Here, it is set as follows.
\frac{\partial{E}}{\partial{y_{2j}}}\frac{\partial{y_{2j}}}{\partial{s_{2j}}} = \delta_{2j}
Also, the following equation can be obtained from $ s_ {2j} = \ sum_ {i} w_ {2ji} y_ {1i} $.
\frac{\partial{s_{2j}}}{\partial{w_{2ji}}} = y_{1i}
The following equations are obtained by combining the previous equations.
\frac{\partial{E}}{\partial{w_{2ji}}} = \delta_{2j}y_{1i}
Learning can be done with the following update formula. Here, the arrow in the equation means to replace the variable on the left side with the right side. Also, $ \ epsilon $ is a hyperparameter called learning rate. By adjusting this value, the speed of learning can be increased or decreased.
w_{2ji} \leftarrow w_{2ji} - \epsilon \delta_{2j}y_{1i}
Here, put it as follows,
\delta_{2} = (\delta_{2j})
The following equation is a summary of the discussions so far in the form of a matrix.
\Delta W_{2} = (\frac{\partial{E}}{\partial{w_{2ji}}})
= \delta_{2}y_{1}^{T}
W_{2} \leftarrow W_{2} - \epsilon \Delta W_{2}
Considering the Bias term in the same way, the following equation can be obtained.
\frac{\partial{E}}{\partial{b_{2j}}} = \delta_{2j}
Therefore, the update formula for the bias term is as follows.
b_{2} \leftarrow b_{2} - \epsilon \delta_{2}
Specifically, an example using the sigmoid function as AF and SE as EF is shown.
\frac{\partial{E}}{\partial{y_{2j}}} = -(t_{j}-y_{2j})
\frac{\partial{y_{2j}}}{\partial{s_{2j}}} = y_{2j}(1-y_{2j})
Therefore, the following equation is obtained.

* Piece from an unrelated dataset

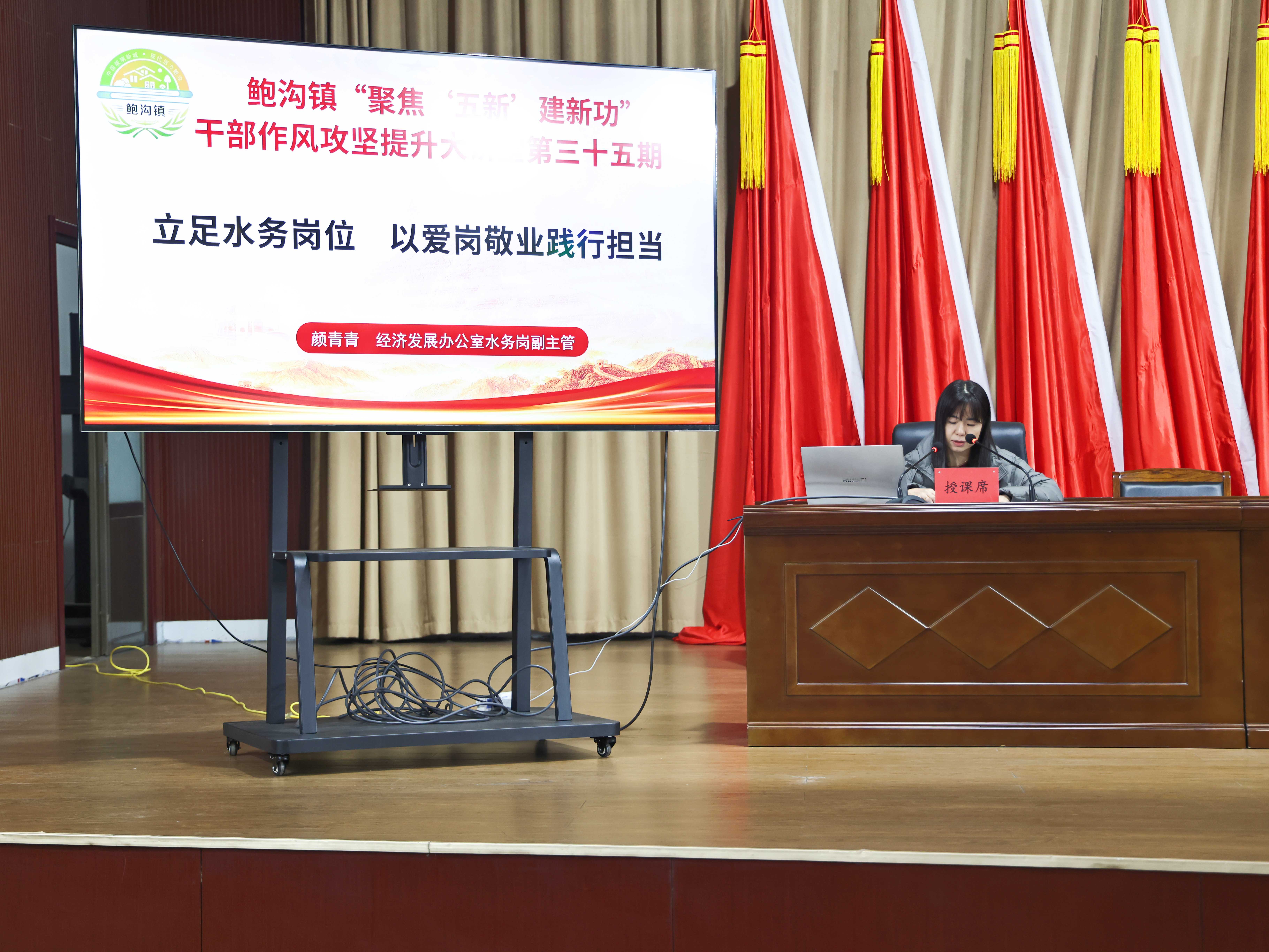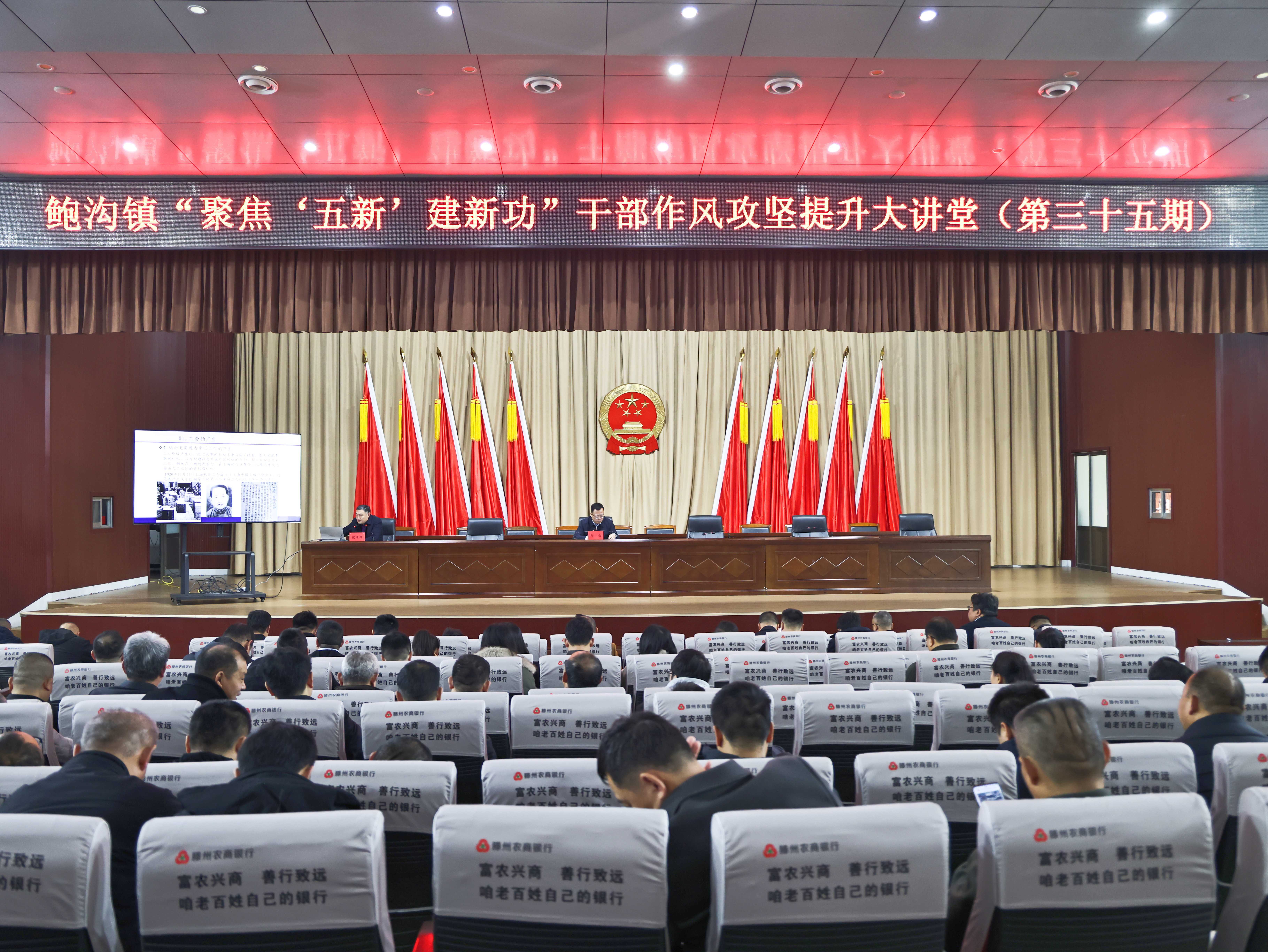 11月24日,鲍沟镇召开“聚焦‘五新’建新功”干部作风攻坚提升大讲堂(第三十五期)。会议由党委副书记邱杰主持,镇全体领导干部、全体机关干部、镇直部门负责人、各村主要负责人参加。

\delta_{2j} = -(t_{j}-y_{2j})y_{2j}(1-y_{2j})
This $ \ delta_ {2} = (\ delta_ {2j}) $ can be used to train both weight and Bias parameters.
Below is the code that allows the three-layer MLP to learn the recognition of handwritten character 9 only in the output layer.
from scipy import misc
import numpy as np
from matplotlib import pyplot as plt
class Layer:
def __init__(self, W, b, f):
self._W = W
self._b = b
self._f = f
def propagate_forward(self, x):
return self._f(self._W @ x + self._b)
def sigmoid(s):
return 1/(1 + np.exp(-s))
def d_sigmoid(y):
return y * (1 - y)
def se(t, y):
return ((t - y).T @ (t-y)).flatten()[0]/2
def d_se(t, y):
return -(t - y)
if __name__ == '__main__':
# Input vector (Layer 0)
x = misc.imread('img/9.png', flatten=True).flatten()
x = x.reshape((len(x), 1))
# Middle layer (Layer 1)
n_output_1 = len(x)
W1 = np.random.randn(n_output_1, len(x))
b1 = np.random.randn(n_output_1, 1)
layer1 = Layer(W1, b1, sigmoid)
# Output layer (Layer 2)
n_output_2 = 10
W2 = np.random.randn(n_output_2, n_output_1)
b2 = np.random.randn(n_output_2, 1)
layer2 = Layer(W2, b2, sigmoid)
# Training datum
t = np.zeros(shape=(10, 1))
t[9, 0] = 1.0
# FP, BP and learning
epsilon = 0.1
se_history = []
delta2_history = []
for i in range(0, 100):
# FP
y1 = layer1.propagate_forward(x)
y2 = layer2.propagate_forward(y1)
# Calculate and store SE
se_history.append(se(t, y2))
# BP and learning
delta2 = d_se(t, y2) * d_sigmoid(y2)
Delta_W2 = delta2 @ y1.T
layer2._W -= epsilon * Delta_W2
layer2._b -= epsilon * delta2
# Store delta2 history
delta2_history.append(np.linalg.norm(delta2))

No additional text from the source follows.